DIRECTIONS
Provide only the number of lines in the records below that contain "региона".
************
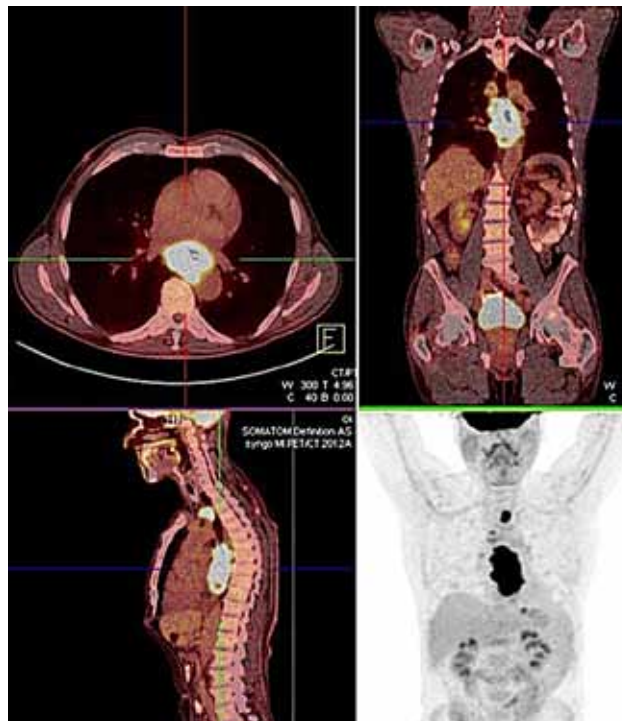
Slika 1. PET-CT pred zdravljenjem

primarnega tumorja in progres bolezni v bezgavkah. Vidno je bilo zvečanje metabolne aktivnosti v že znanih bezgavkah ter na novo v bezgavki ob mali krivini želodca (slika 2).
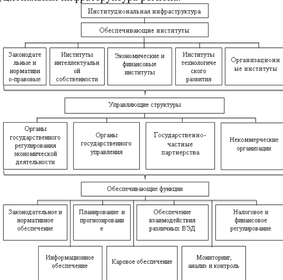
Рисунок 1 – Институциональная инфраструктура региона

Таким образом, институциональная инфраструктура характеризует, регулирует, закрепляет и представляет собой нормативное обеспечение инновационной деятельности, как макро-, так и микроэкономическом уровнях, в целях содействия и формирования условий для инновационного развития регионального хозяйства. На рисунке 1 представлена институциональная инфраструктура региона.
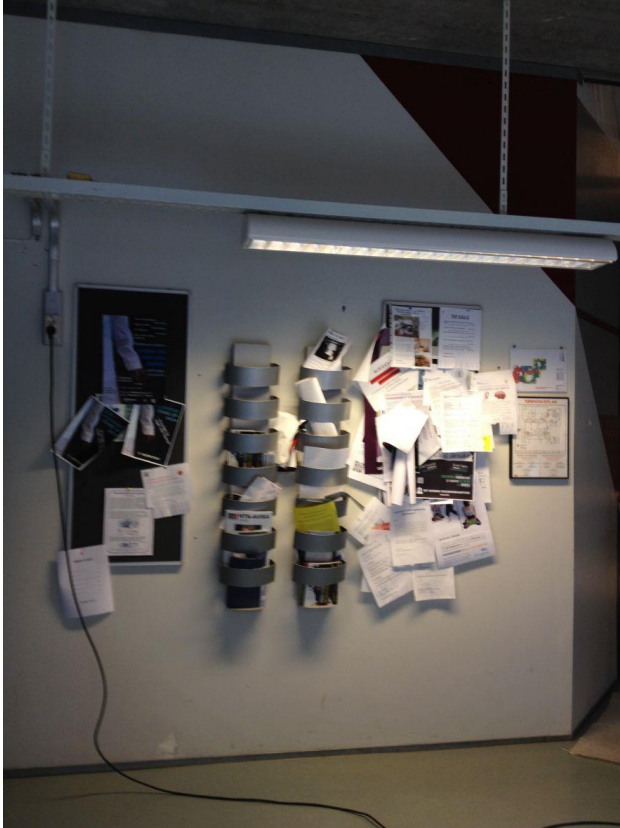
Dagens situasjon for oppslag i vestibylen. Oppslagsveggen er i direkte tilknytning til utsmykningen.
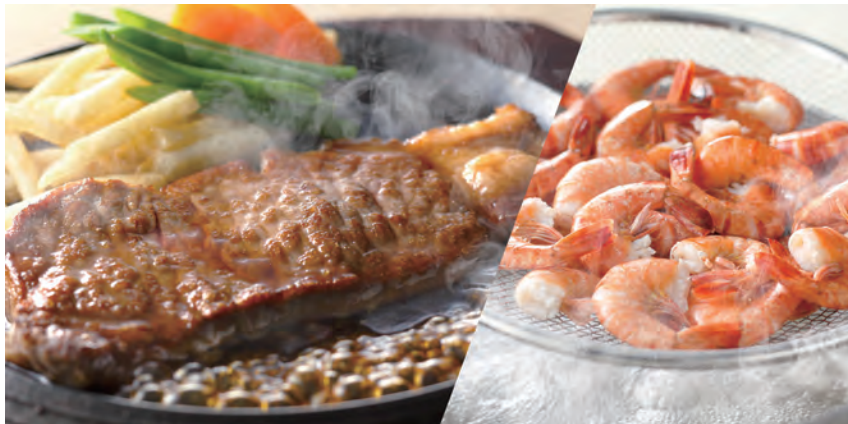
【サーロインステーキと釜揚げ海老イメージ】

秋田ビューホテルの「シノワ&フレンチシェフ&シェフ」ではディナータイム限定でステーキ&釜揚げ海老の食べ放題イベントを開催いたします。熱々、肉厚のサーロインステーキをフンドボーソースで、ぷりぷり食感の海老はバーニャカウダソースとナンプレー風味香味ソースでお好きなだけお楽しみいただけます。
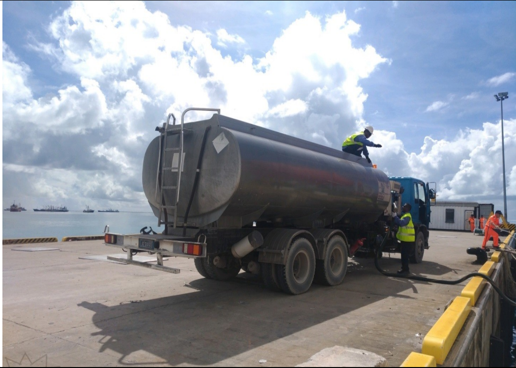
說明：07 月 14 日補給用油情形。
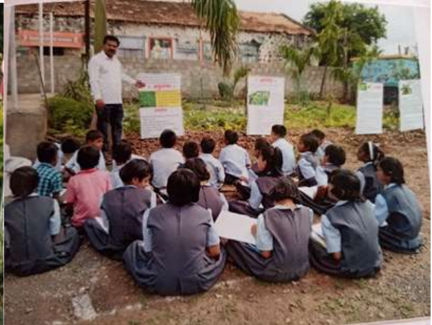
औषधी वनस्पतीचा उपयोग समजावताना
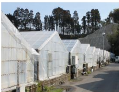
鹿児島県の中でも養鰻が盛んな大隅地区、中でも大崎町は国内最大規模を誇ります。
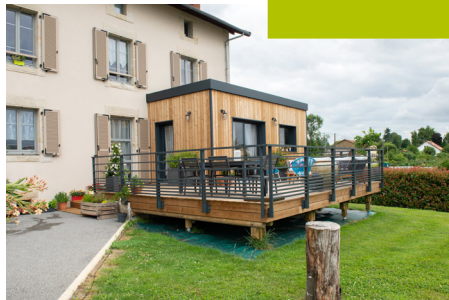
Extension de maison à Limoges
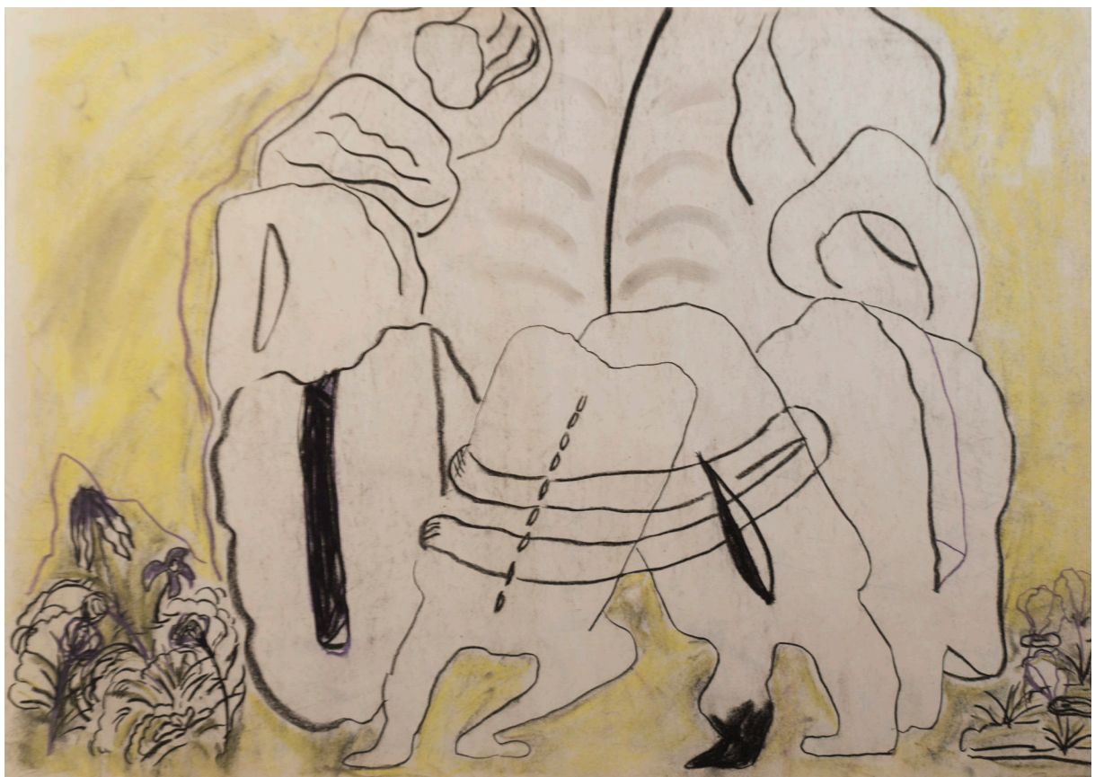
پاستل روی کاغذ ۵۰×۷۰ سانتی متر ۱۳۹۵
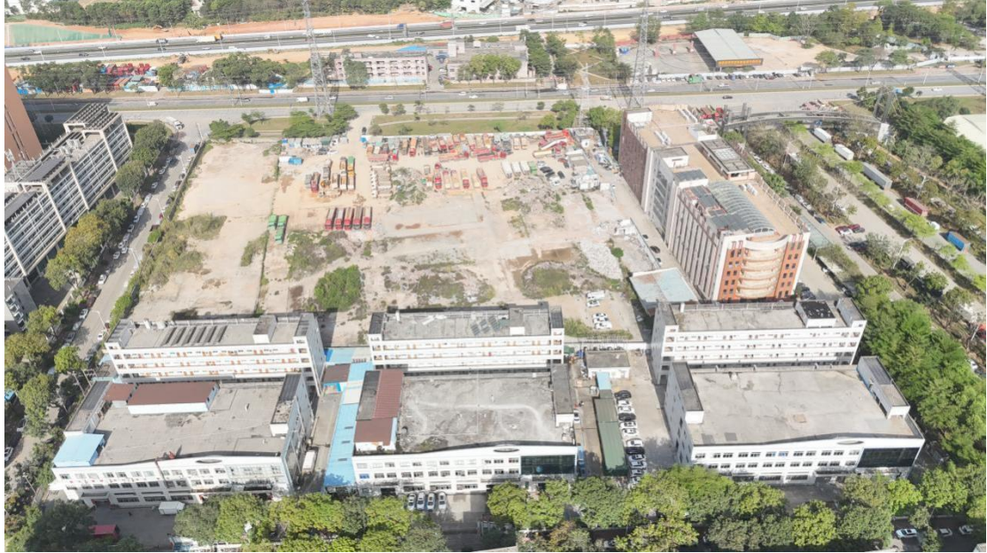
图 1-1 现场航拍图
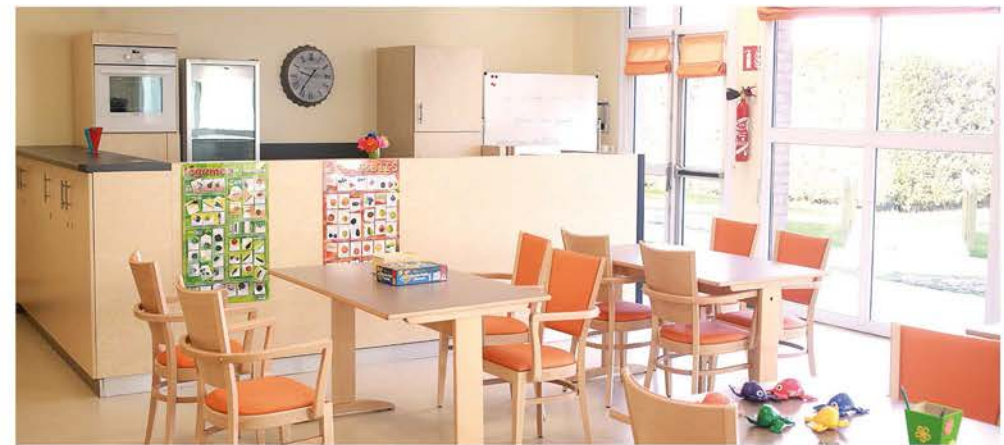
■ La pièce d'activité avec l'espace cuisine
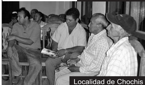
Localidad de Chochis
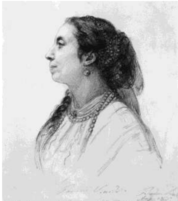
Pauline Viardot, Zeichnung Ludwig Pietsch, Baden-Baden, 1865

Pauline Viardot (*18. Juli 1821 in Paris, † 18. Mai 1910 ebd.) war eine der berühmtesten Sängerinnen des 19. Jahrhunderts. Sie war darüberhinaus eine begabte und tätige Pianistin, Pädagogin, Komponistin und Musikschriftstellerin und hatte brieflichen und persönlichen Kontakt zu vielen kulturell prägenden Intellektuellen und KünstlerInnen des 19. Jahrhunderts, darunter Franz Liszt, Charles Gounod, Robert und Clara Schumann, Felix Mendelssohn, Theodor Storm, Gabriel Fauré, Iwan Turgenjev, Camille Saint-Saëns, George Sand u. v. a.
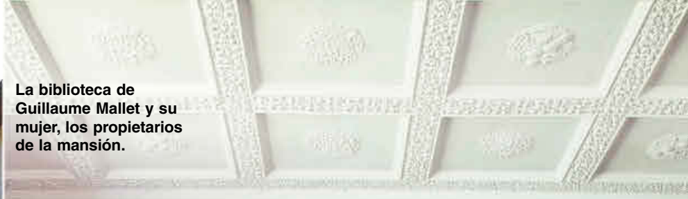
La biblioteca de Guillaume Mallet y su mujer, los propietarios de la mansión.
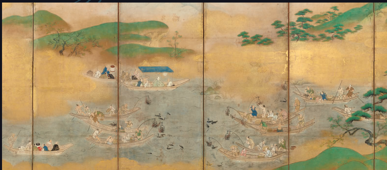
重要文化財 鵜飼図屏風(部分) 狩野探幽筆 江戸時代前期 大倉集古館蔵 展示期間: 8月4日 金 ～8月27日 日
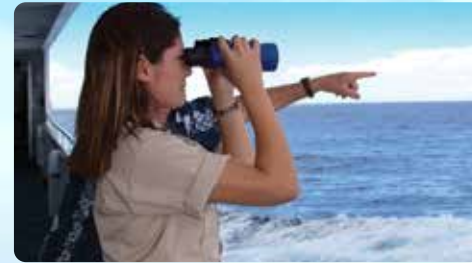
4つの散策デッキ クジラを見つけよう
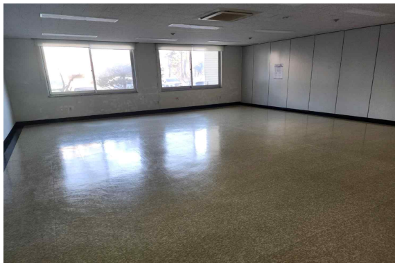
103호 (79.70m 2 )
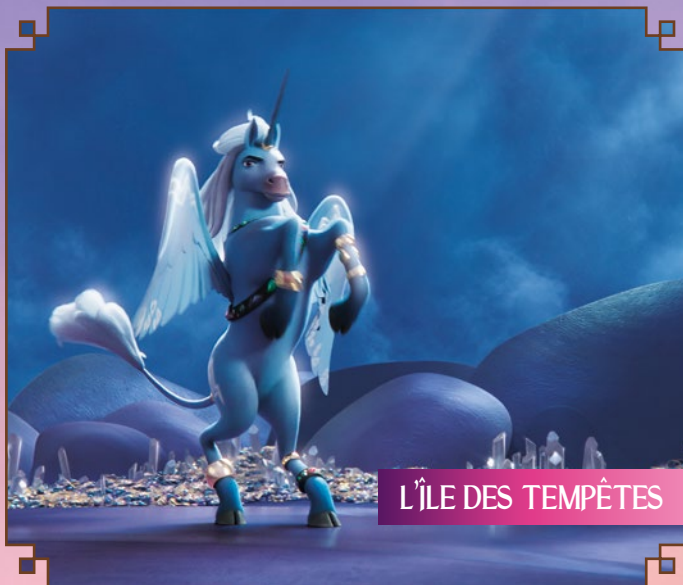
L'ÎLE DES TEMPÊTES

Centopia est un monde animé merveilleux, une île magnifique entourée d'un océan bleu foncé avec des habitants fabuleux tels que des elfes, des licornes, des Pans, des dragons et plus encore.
************
ANSWER SECTION
2